======== Exercise data

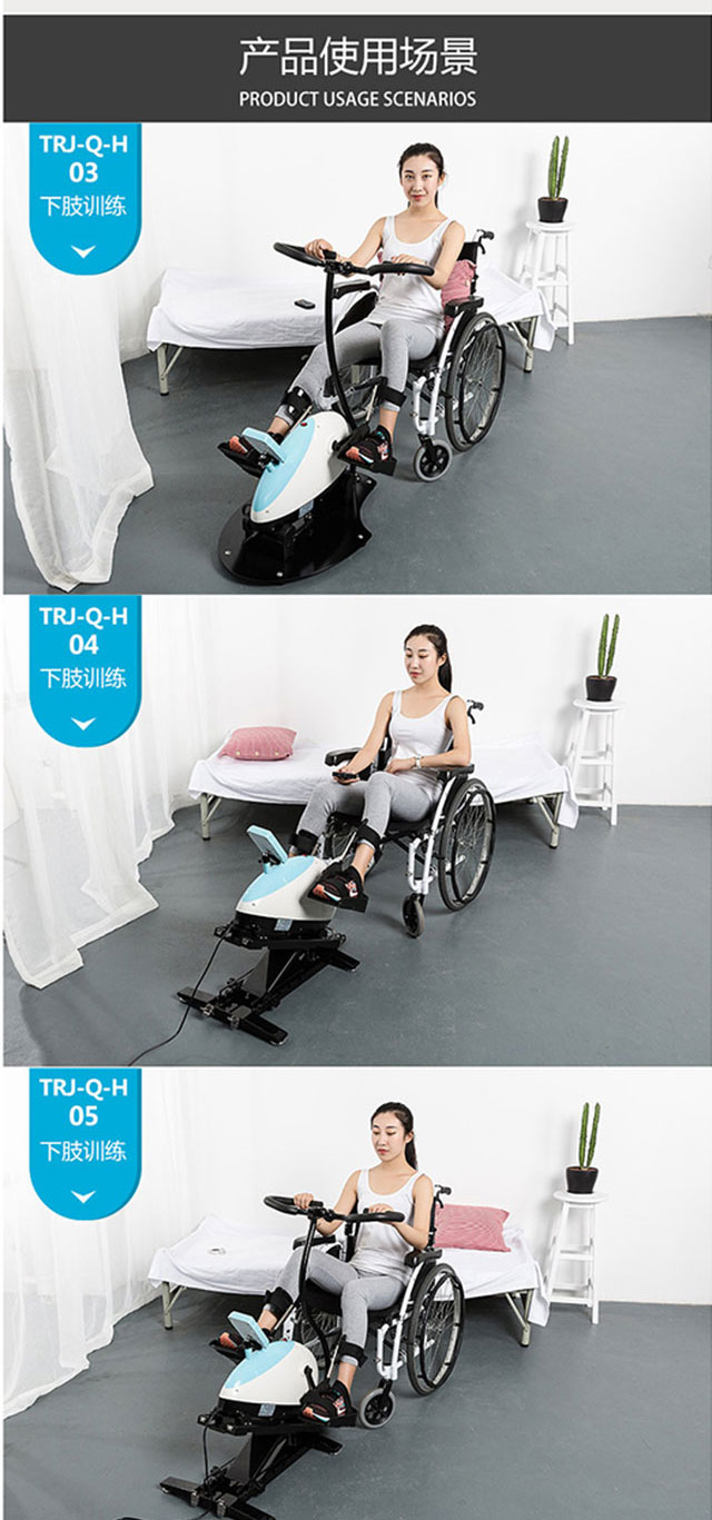 智能下肢康復(fù)器材:智能下肢康復(fù)訓(xùn)練機(jī), 具有患者從完全被動(dòng)訓(xùn)練階段到主動(dòng)和被動(dòng)訓(xùn)練相交叉的助力訓(xùn)練階段到完全的主動(dòng)訓(xùn)練階段到初期主動(dòng)力量訓(xùn)練階段的患者康復(fù)過程。
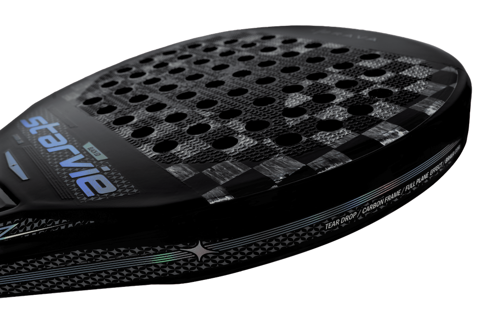 Brava-maila on palannut, mutta paranneltuna versiona, jossa on uusi 15K alumiinisoitu hiilikuitu mailanpäässä ja Soft 30 -pehmeätiheyksinen kumi. Tämä maila on mukava käyttää ja sopii täydellisesti pelaajille, jotka etsivät lisämukavuutta ja hallittavuutta jokaisessa lyönnissä. - 15K alumiinisoitu hiilikuitu mailanpäässä: Tämä hiilen ja alumiinin yhdistelmä on jopa joustavampi kuin 3K ja 12K hiilikuitu. Tämän tyyppinen kuitu antaa mailalle erittäin pehmeän tuntuman, mikä tarjoaa erinomaista mukavuutta ja ohjattavuutta pelatessa. - Soft 30 -pehmeätiheyksinen kumi on suunniteltu yleiseen peliin, joka sopii kaikentyyppisille pelaajille. Se auttaa luomaan suuremman pallon nopeuden ja helpomman suorituksen jokaisessa lyönnissä. - Pisaranmuotoinen, sen optimaalinen kärki on tasapainotettu kärkeä kohti. - Sen suoraan muotista luotu karheus päässä erottuu sen vakauden ja kestävyyden ansiosta. Full Plane Effect -teknologia mahdollistaa pallon lyömisen tarkemmin. - Se sisältää Core Brava -järjestelmän: mailan sydämessä sijaitsevan osan, joka on kehitetty estämään tärinää iskun aikana. - Noene Inside on mailan kahvaan sovellettu teknologia, joka on kehitetty yhteistyössä NOENE®:n kanssa. Uusi Noene Inside StarVie -iskunvaimennuskahva, joka on yksinomaan merkin mailoissa ja vakiovaruste, absorboi ja suojaa jopa 96 % iskujen ja tärinän aiheuttamasta negatiivisesta energiasta. - Tuote on 100 % valmistettu Espanjassa, Azuqueca de Henaresissa (Guadalajara).
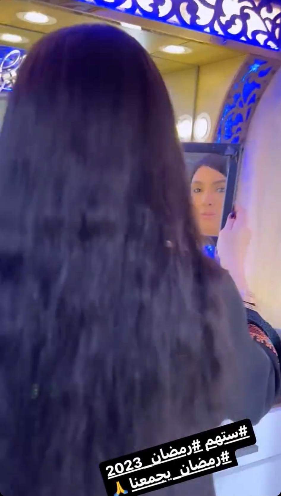 وظهرت روجينا بظهرها من التجهيزات بشعر اسود طويل منسدل، وكانت ممسكة مرآة ظهر فيها جزء من وجهها بالمكياج الخاص بالشخصية.
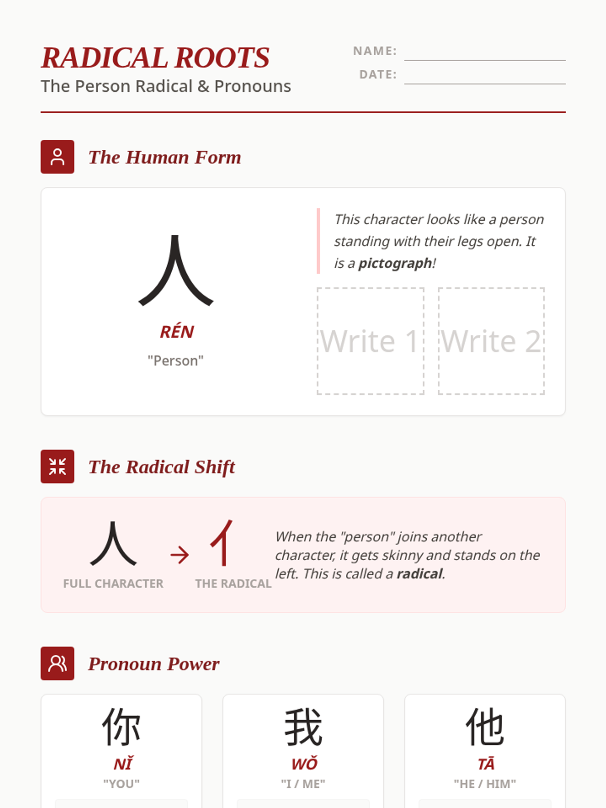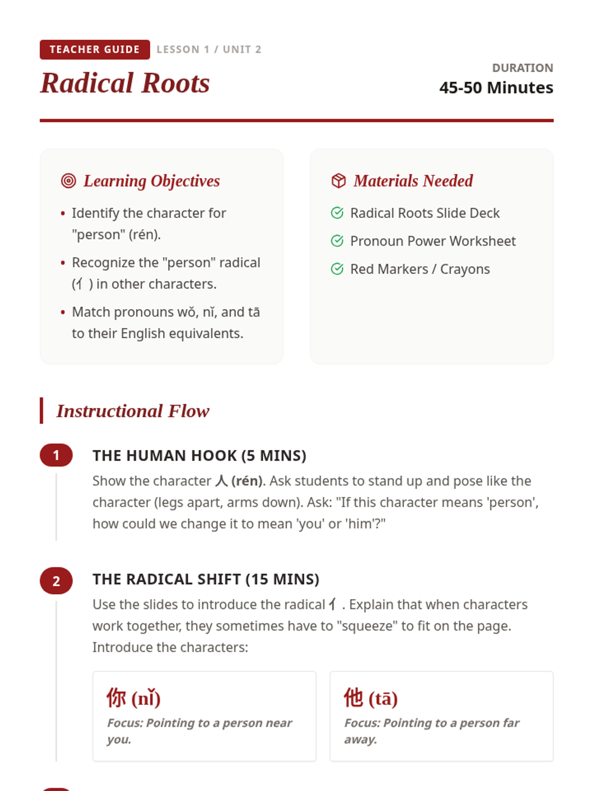 A 5-lesson sequence for 3rd graders exploring Mandarin Chinese characters through the lens of family and identity. Students learn to recognize the 'Person' and 'Female' radicals, master sibling hierarchy terminology, and understand the cultural stories behind compound characters.

================

• [How to complete this task]: Give again exactly the lines from the one that contains "وظهرت روجينا بظهرها" through the end of the material, both ends included, omitting the pictures.

• [Response to the task]:
 وظهرت روجينا بظهرها من التجهيزات بشعر اسود طويل منسدل، وكانت ممسكة مرآة ظهر فيها جزء من وجهها بالمكياج الخاص بالشخصية.
 A 5-lesson sequence for 3rd graders exploring Mandarin Chinese characters through the lens of family and identity. Students learn to recognize the 'Person' and 'Female' radicals, master sibling hierarchy terminology, and understand the cultural stories behind compound characters.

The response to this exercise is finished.